The social and economic conditions following the recession and into the recovery were and still are just right for rentals:
- an influx of millennials at a prime renter age entering the workforce;
- a general wariness of for-sale housing, given the recession;
- credit issues;
- rising student debt;
- tighter home mortgage requirements; and
- a generally flexible consumer mind-set.
In addition, some higher-income, empty-nester baby boomers have crossed over into luxury urban apartment rentals, whether they’re downsizing from the suburbs or leasing a second property.
That said, a current weakness in the apartment market is the expense required to build a multifamily property. Affordability has been highlighted as a “key issue” in the rental market, especially in expensive areas with high job growth.
“Nonsubsidized new construction is basically infeasible,” the report says. “In past cycles, older product may have trickled down to lower-income renters, but in this cycle new construction has been insufficient to moderate rent increases on this older product.”
The most desirable properties are in walkable job centers, but their tenants, millennials in particular, are compromising on size and renting smaller units in order to live in more-desirable areas. This explains the micro-unit trend, as well as a rise in shared amenities and public spaces that tiny apartments can't offer in a private setting.
However, the report notes the fears that come with strong performance and development. In major markets, rental rates and net operating income (NOI) growth are slowing or even declining, as is the case in New York, San Francisco, and Seattle. A large volume of new construction does exist in these markets, but much of the young professional demographic can't afford their rent. In less-expensive markets, rents and NOI growth are also slowing, but not at the same rate.
As yields in primary and secondary markets reach historic lows, American REITs and other investment institutions are turning to development instead of purchasing. Some fear a coming downturn in the tech markets, while others worry about older millennials crossing over from renting into owning. Some capital sources have chosen to invest in what PwC calls an “urbanized inner suburban ring,” as rents rise and new supply remains low.
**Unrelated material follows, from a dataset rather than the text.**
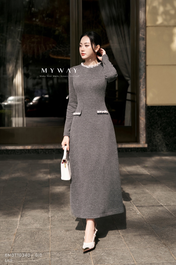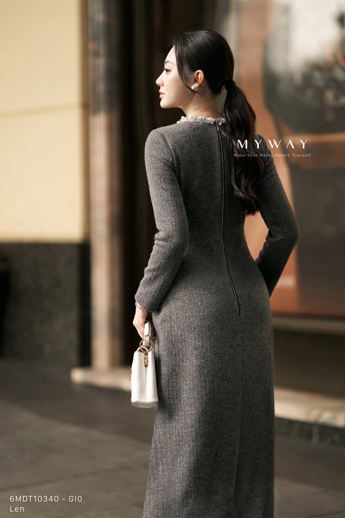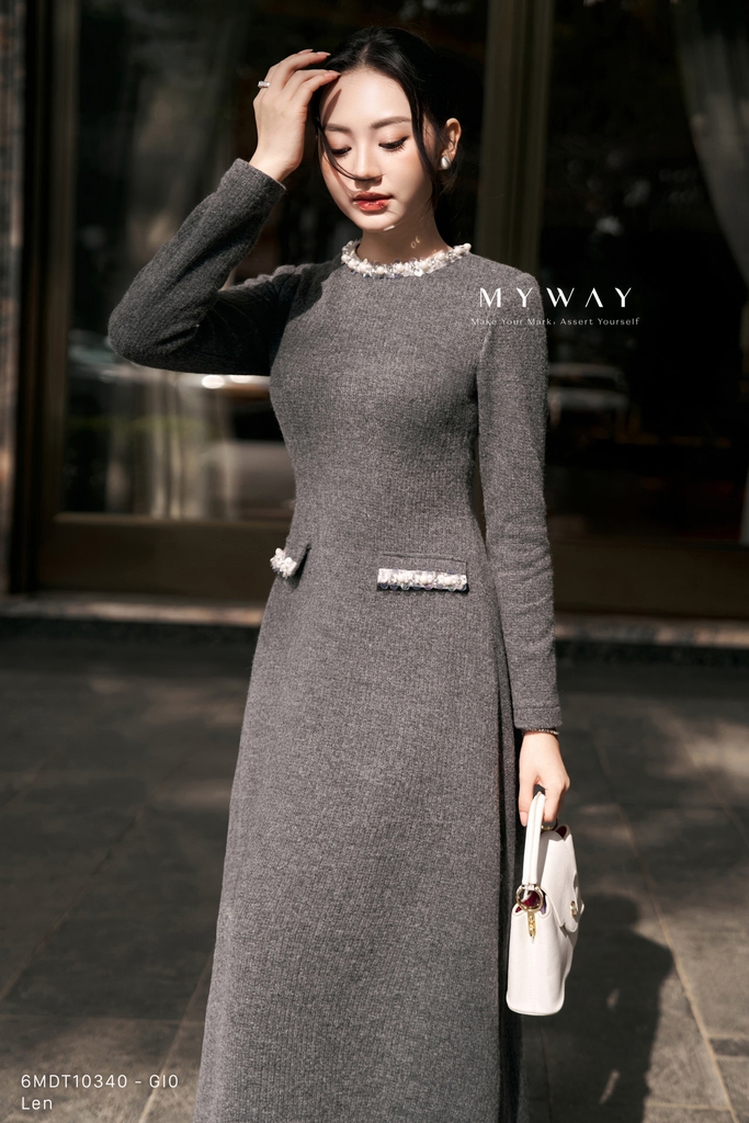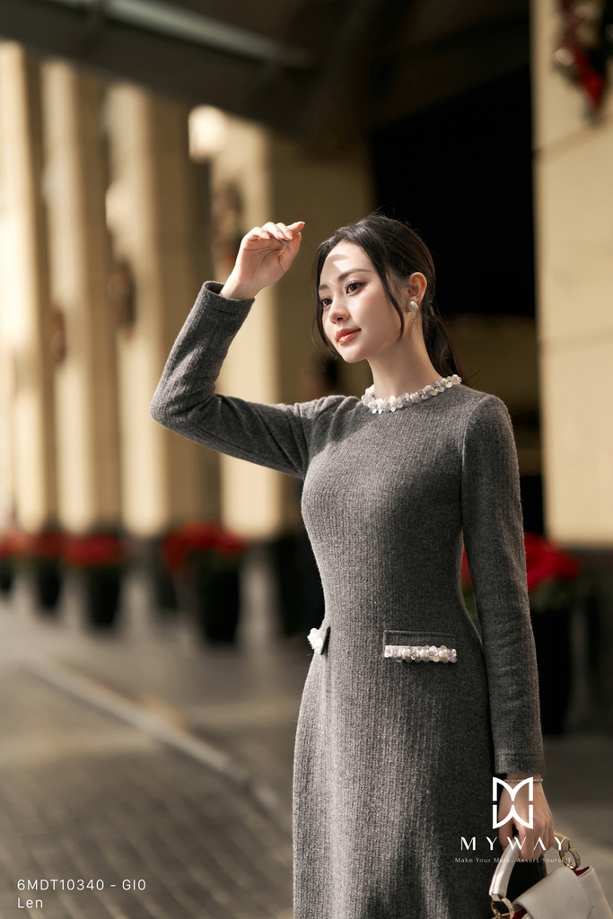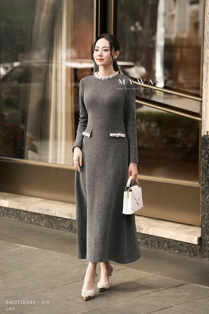 Đầm xòe rủ được thiết kế với phần thân trên ôm nhẹ kết hợp chân váy xòe rủ mềm mại, cổ tròn thanh lịch và chiều dài qua bắp tôn dáng. Thiết kế tay dài cùng khóa sau mang lại sự gọn gàng và dễ mặc, không lót tạo cảm giác nhẹ nhàng, thoải mái khi sử dụng. Điểm nhấn tinh tế nằm ở chi tiết phối dây cườm đính quanh cổ kết hợp vân vải nổi bật, giúp tổng thể thêm phần sang trọng và cuốn hút. Sản phẩm sử dụng gam màu ghi nhã nhặn, hiện đại, dễ ứng dụng và phù hợp với nhiều tông da cũng như hoàn cảnh khác nhau. Được làm từ chất liệu len nhập khẩu cao cấp, thiết kế giữ phom chuẩn chỉnh, mang đến vẻ thanh lịch, tinh tế và khả năng phối đồ cao cho người mặc.

The survey's respondents cited New Jersey’s Hudson Riverfront; Northern Virginia; Oakland, Calif.; and Southern California’s Tri-Cities as attractive investment sites. Class B properties are still popular “defensive” acquisitions, although many investors have indicated a preference for renovated properties, the report notes.
The report predicts that U.S. investors will likely continue to acquire properties, but at a more-muted pace compared with previous years. “A pullback by lenders for new construction is likely to correct any imbalance fairly quickly,” its authors say.